Exercise instructions – Copy the data exactly. Images are to be left out.

┌─ Supplied data

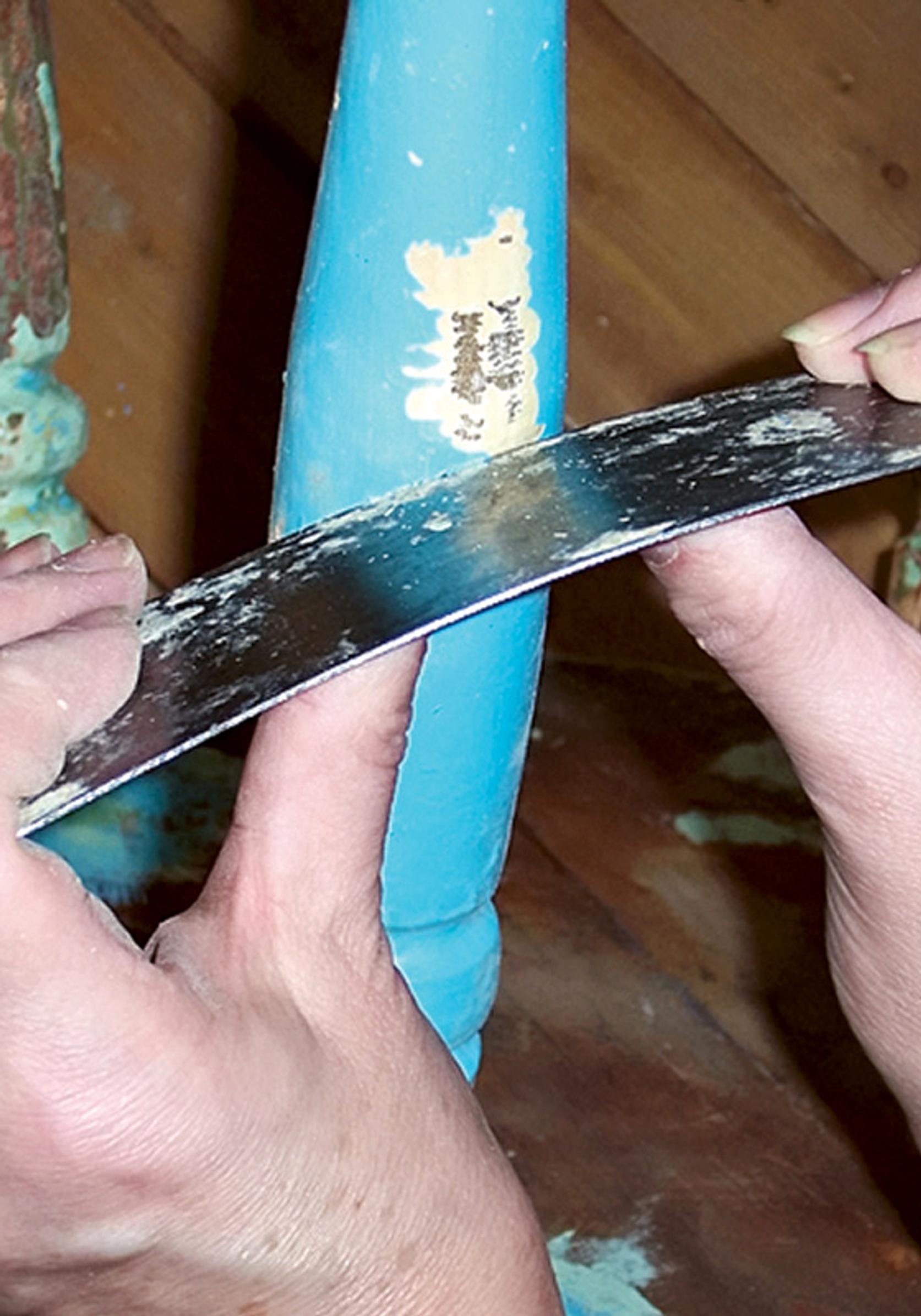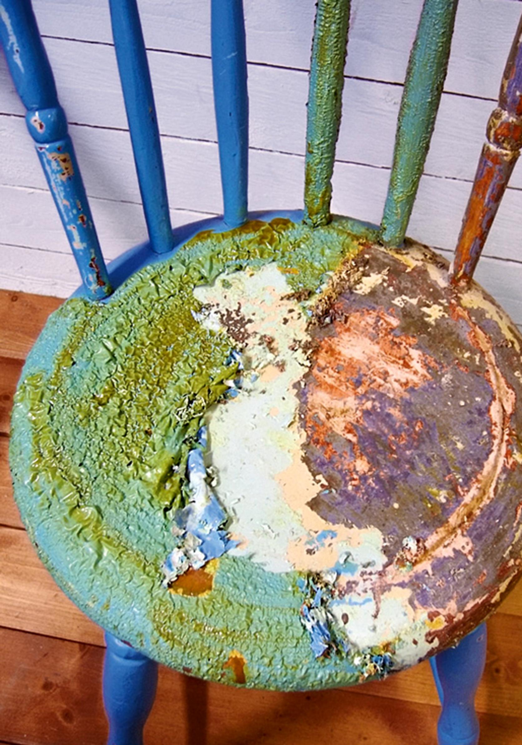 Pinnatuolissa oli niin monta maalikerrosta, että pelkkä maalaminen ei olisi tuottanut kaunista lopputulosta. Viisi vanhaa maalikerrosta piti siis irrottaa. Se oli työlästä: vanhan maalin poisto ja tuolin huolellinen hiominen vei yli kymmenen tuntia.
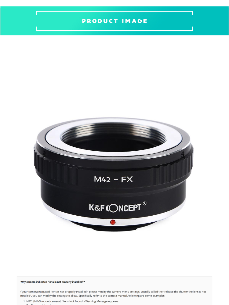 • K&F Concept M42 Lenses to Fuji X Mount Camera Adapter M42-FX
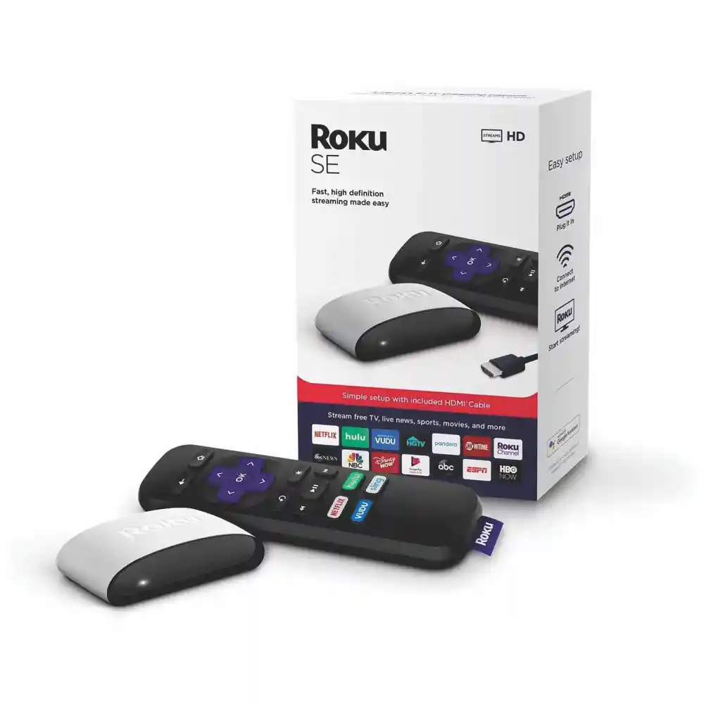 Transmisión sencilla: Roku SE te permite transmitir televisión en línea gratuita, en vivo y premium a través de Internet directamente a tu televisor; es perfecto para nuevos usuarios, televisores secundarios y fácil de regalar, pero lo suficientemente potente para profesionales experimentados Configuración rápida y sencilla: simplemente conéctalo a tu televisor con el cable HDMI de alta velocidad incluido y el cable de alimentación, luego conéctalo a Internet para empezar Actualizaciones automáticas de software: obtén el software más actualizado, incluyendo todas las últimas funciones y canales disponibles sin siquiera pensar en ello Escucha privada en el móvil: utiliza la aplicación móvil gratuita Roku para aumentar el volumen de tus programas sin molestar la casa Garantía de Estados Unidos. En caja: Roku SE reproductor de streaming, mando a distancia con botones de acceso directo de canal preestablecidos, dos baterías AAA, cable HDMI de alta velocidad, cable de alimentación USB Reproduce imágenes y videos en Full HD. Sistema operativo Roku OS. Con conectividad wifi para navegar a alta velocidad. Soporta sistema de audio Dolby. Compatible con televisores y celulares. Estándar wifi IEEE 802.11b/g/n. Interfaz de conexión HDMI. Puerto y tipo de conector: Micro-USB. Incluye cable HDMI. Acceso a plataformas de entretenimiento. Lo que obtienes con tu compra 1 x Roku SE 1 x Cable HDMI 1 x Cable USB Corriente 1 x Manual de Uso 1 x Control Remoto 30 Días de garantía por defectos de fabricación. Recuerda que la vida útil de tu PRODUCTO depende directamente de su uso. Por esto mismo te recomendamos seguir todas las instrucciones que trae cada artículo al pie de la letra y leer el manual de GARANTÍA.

└─

Answer box –
 Pinnatuolissa oli niin monta maalikerrosta, että pelkkä maalaminen ei olisi tuottanut kaunista lopputulosta. Viisi vanhaa maalikerrosta piti siis irrottaa. Se oli työlästä: vanhan maalin poisto ja tuolin huolellinen hiominen vei yli kymmenen tuntia.
 • K&F Concept M42 Lenses to Fuji X Mount Camera Adapter M42-FX
 Transmisión sencilla: Roku SE te permite transmitir televisión en línea gratuita, en vivo y premium a través de Internet directamente a tu televisor; es perfecto para nuevos usuarios, televisores secundarios y fácil de regalar, pero lo suficientemente potente para profesionales experimentados Configuración rápida y sencilla: simplemente conéctalo a tu televisor con el cable HDMI de alta velocidad incluido y el cable de alimentación, luego conéctalo a Internet para empezar Actualizaciones automáticas de software: obtén el software más actualizado, incluyendo todas las últimas funciones y canales disponibles sin siquiera pensar en ello Escucha privada en el móvil: utiliza la aplicación móvil gratuita Roku para aumentar el volumen de tus programas sin molestar la casa Garantía de Estados Unidos. En caja: Roku SE reproductor de streaming, mando a distancia con botones de acceso directo de canal preestablecidos, dos baterías AAA, cable HDMI de alta velocidad, cable de alimentación USB Reproduce imágenes y videos en Full HD. Sistema operativo Roku OS. Con conectividad wifi para navegar a alta velocidad. Soporta sistema de audio Dolby. Compatible con televisores y celulares. Estándar wifi IEEE 802.11b/g/n. Interfaz de conexión HDMI. Puerto y tipo de conector: Micro-USB. Incluye cable HDMI. Acceso a plataformas de entretenimiento. Lo que obtienes con tu compra 1 x Roku SE 1 x Cable HDMI 1 x Cable USB Corriente 1 x Manual de Uso 1 x Control Remoto 30 Días de garantía por defectos de fabricación. Recuerda que la vida útil de tu PRODUCTO depende directamente de su uso. Por esto mismo te recomendamos seguir todas las instrucciones que trae cada artículo al pie de la letra y leer el manual de GARANTÍA.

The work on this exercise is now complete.